I will return to my speaking notes about the food costs because that, to me, is something we can all try to do something more about. To remind the House, the CEO of Sobeys was awarded $8.6 million in 2022. Sobeys, a grocery store, is having so much profit that it is awarding its CEO $8.6 million.
Honestly, we have to ask, in this House, how we can make sure there is tax fairness. How can we make sure they are paying their fair share in taxes, so we can help ensure that we are actually alleviating poverty, as well as making sure that families are getting the help they need?
How does this party defend to their constituents that this is okay?
What do the New Democrats want?
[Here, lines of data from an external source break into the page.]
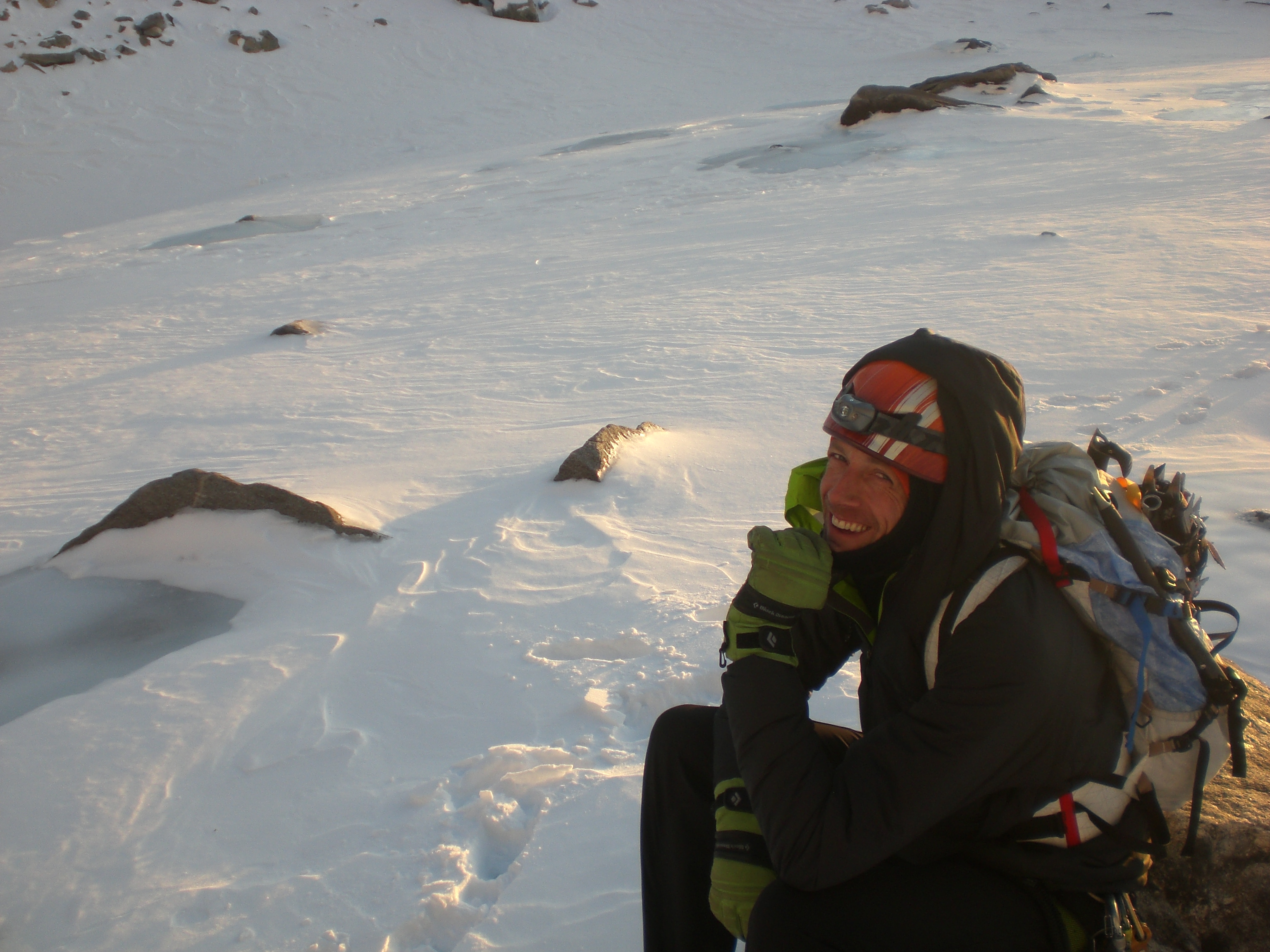 That attempt was my third on the route. We rappelled the three pitches below and descended avalanche debris to the floor of the cirque. As we coiled the ropes, a few tons of wet snow rumbled down a ledge system beside our abandoned line of ascent. We walked back to camp in silence, crawled into the tent and took our boots off.
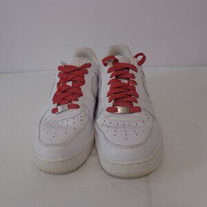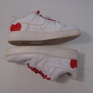 The Nike Air Force 1 White Sneakers with Hand Painted Heart DD8959-100 in Women's size 9.5 is a stylish and comfortable pair of casual sneakers perfect for activewear.
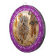 Custom Photo Dartboard template with personalized text and PLUM PURPLE 942193 round photo framing surround (other color surrounds available in store). Your face on a dartboard. One click personalize upper and lower text plus replace image, or full customization via Edit Screen. Regulation size with metal frame and 6 brass darts (Stars and Stripes + Union Jack flights). A fun gift for a darts player.
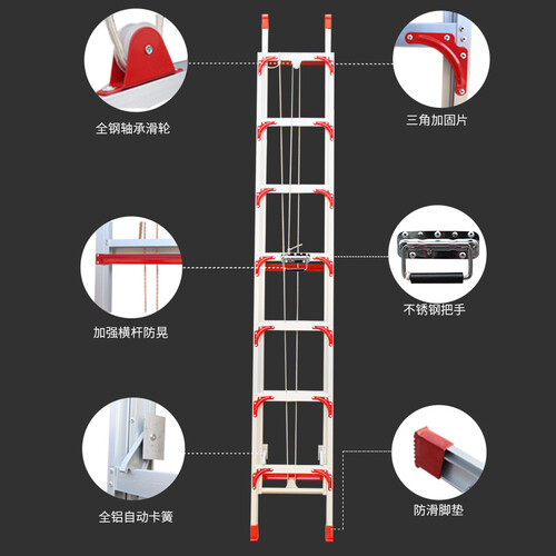 直梯配备有耐磨升降滑轮,转动顺畅不易卡顿,即便单人也能轻松完成梯子伸缩,不费力气更加省心。
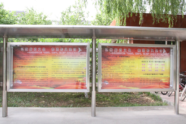 三是制作了“转作风 树正气 促廉洁”和“爱岗敬业求实绩 清风正气树新风”等廉政教育宣传横幅,悬挂在院区。
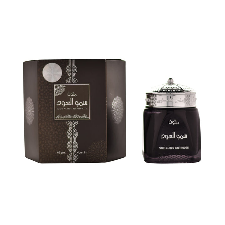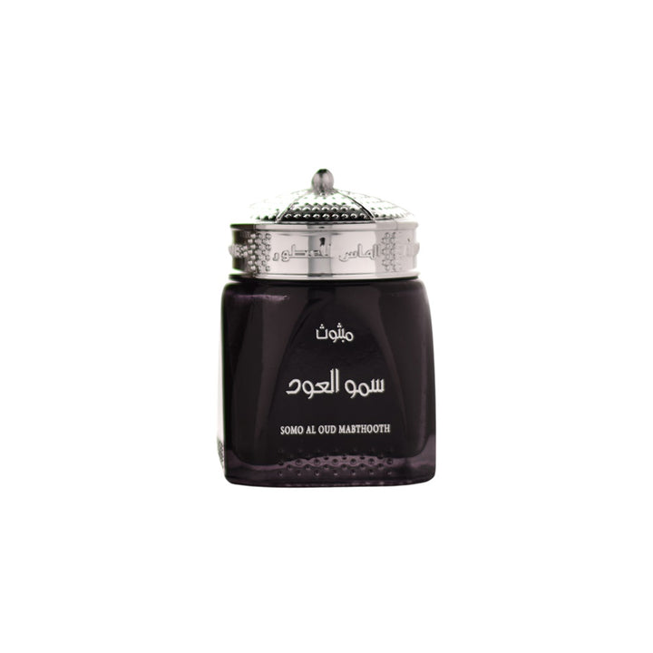 Immerse yourself in the luxurious fragrance of Mabsous Somo Al Oud by Almas Perfumes, a natural mabsous incense crafted from a refined blend of Cambodian oud, sandalwood, musk, and cardamom. This exquisite incense spreads the spirit of oud and elegance throughout any space.
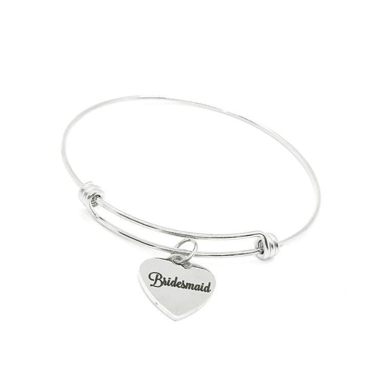 Show your appreciation to your bridesmaids with this elegant stainless steel charm bracelet. Featuring a polished heart-shaped charm engraved with "Bridesmaid," this beautiful bangle is the perfect keepsake for your wedding party. The charm measures approximately 19mm and hangs from a durable, adjustable bangle designed to fit most wrist sizes. Whether you're proposing to your bridesmaids or gifting them on your big day, this bracelet adds a special touch of gratitude and elegance.
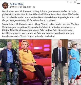 An der Verbreitung dieser Verschwörungstheorien war Qanon beteiligt, eine Desinformationsquelle der US-amerikanischen rechten Szene. In Deutschland beteiligte sich der deutsche Immobilienmakler und Reichsbürger Maik Geikler (nach Eigenangaben Maik Friedrich Geikler) an der Verbreitung der Fußschienen-Verschwörungstheorie. Ende November 2019 behauptete der "Großherzog" auf seinem Facebookprofil von einem FBI-Kontakt von einer Verfahrenseröffnung gegen die US-Amerikanischen Politiker Hilary Clinton und den bereits verstorbenen John McCain erfahren zu haben. Um seiner Aussage mehr Glaubwürdigkeit zu verleihen führte Geikler aus, sowohl Clinton also auch McCain hätten in den vorhergehenden Wochen Verletzungen im Bereich des Unterschenkels vorgetäuscht um Elektronische Fußfesseln zu verbergen. Geikler ist selbsternannter "Großherzog von Mecklenburg-Strelitz und Mecklenburg-Schwerin".
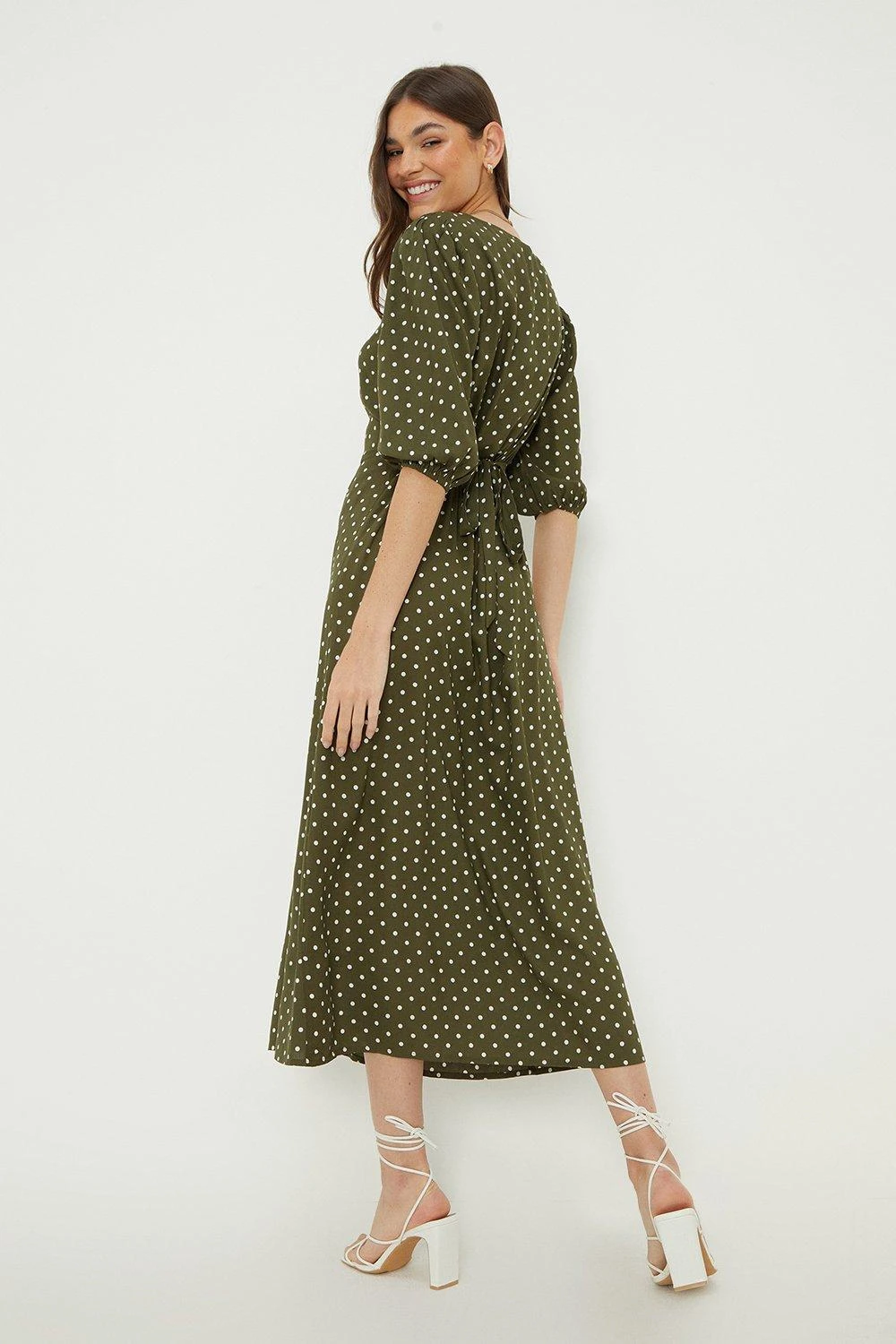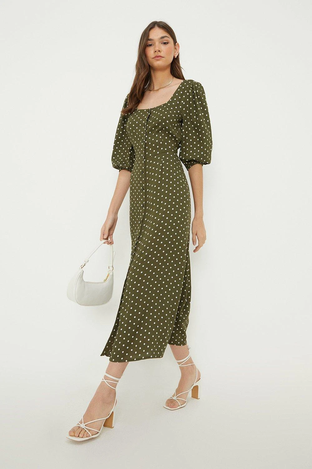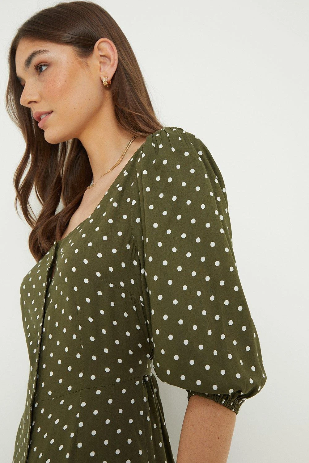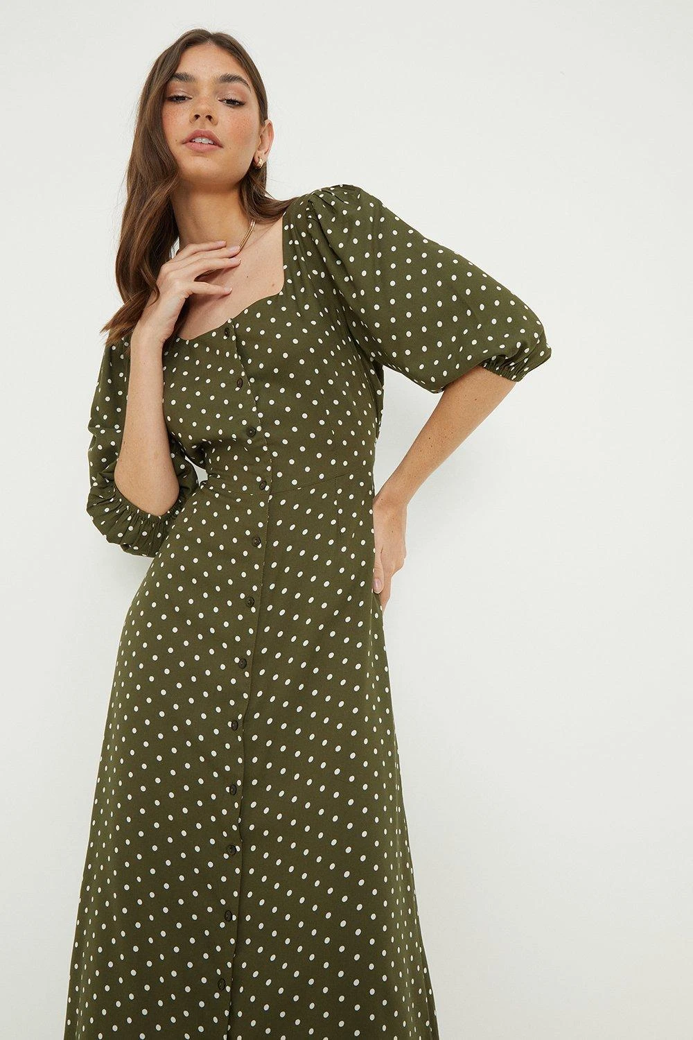 Dorothy Perkins Tall Khaki Spot Button Through Midi Dress
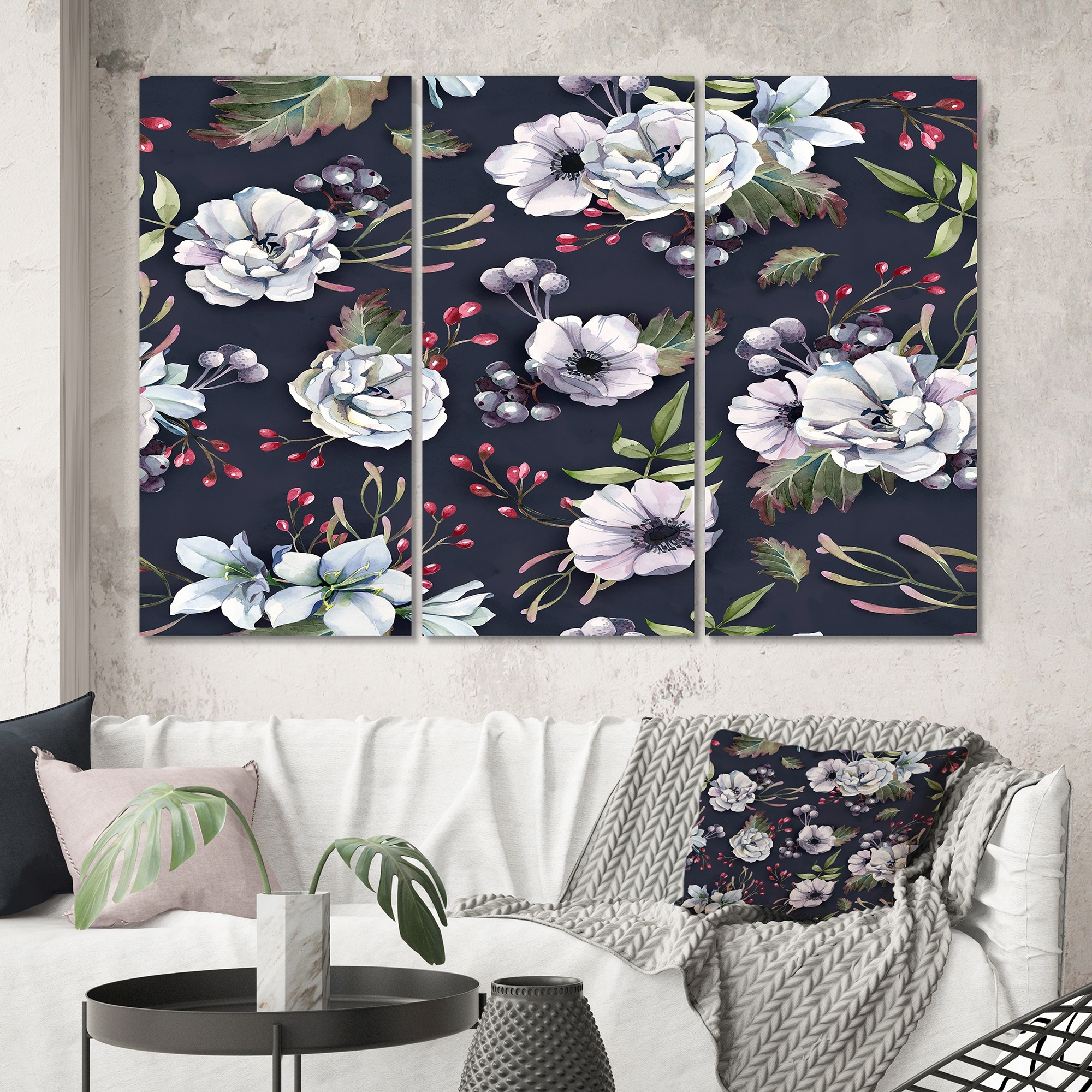 Designart "White Flowers And Red Berries" Patterned Canvas Wall Art Print
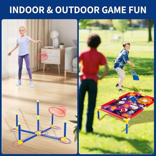 Carnival Bean Bag Toss: Das Set beinhaltet 6 kleine Bälle, 6 Beanbags und 12 Ringe (davon 6 groß und 6 klein), die für die Beanbag- und Ringwurfspiele verwendet werden. Kinder können das leichte und tragbare Cornhole-Set selbstständig unter Anleitung aufbauen. Diese Aktivitäten fördern nicht nur die motorischen Fähigkeiten, sondern auch die Präzision und den freundschaftlichen Wettbewerb unter den Kindern.
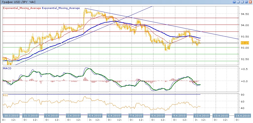 Нисходящее движение, начатое 2 апреля, в общем пока еще продолжается. 8 апреля пара ненадолго ушли ниже уровня 93.00, затем начала расти. Этот рост продолжился и 9 апреля, но преодолеть нисходящее сопротивление у пары не хватило сил. И она откатилась вниз снова к уровню 93.00. Сегодняшние торги проходят с небольшим повышением, средние скользящие ЕМА21 и ЕМА55 по-прежнему направлены вниз, индикаторы MACD и RSI также говорят о доминировании нисходящего движения — они находятся под своимим центральными линиями, но несколько стабилизировались.Продолжение нисходящего движения сегодня нацелено на достижение и тестирование уровня 93.00, затем проверка на прочность подержки на 92.70 и далее движение к 92.40. Цель вверх — преодоление сопротивления на 93.70-93.80 (на пути к которому пару встретит также сопротивление нисходящих ЕМА21 и ЕМА55 и нисходящее сопротивление), далее уровень 94.00, выход выше которого к 94.30.

We want to force CEOs and large corporations to pay their fair share on excess profits. They need to be taxed for all of the profits they are making. There needs to be a launch of an affordable and fair food strategy that would address the profit motives of grocery companies, including requesting the Competition Bureau to investigate the profits of chain grocery stores.
While advancements in green technology are being developed to replace carbon-based fuel sources, we need to have supports for farmers with relief for high grain-drying costs and the costs of heating and cooling buildings used for raising and housing livestock. We need to support and increase investments for Nunavut to transition from diesel to renewable energy.
There needs to be a reform of the nutrition north Canada program. To date, the for-profit grocery stores being subsidized by the nutrition north program self-monitor the program. The federal government does not monitor how these for-profit corporations are doing in the program.
There needs to be a removal of GST from heating bills.
Finally, I will conclude by reminding the House that, while Canadians pay the price for rising food costs, billionaire Galen Weston, chairman of Loblaws, has increased dividends to shareholders from $118 million to $125 million in 2022.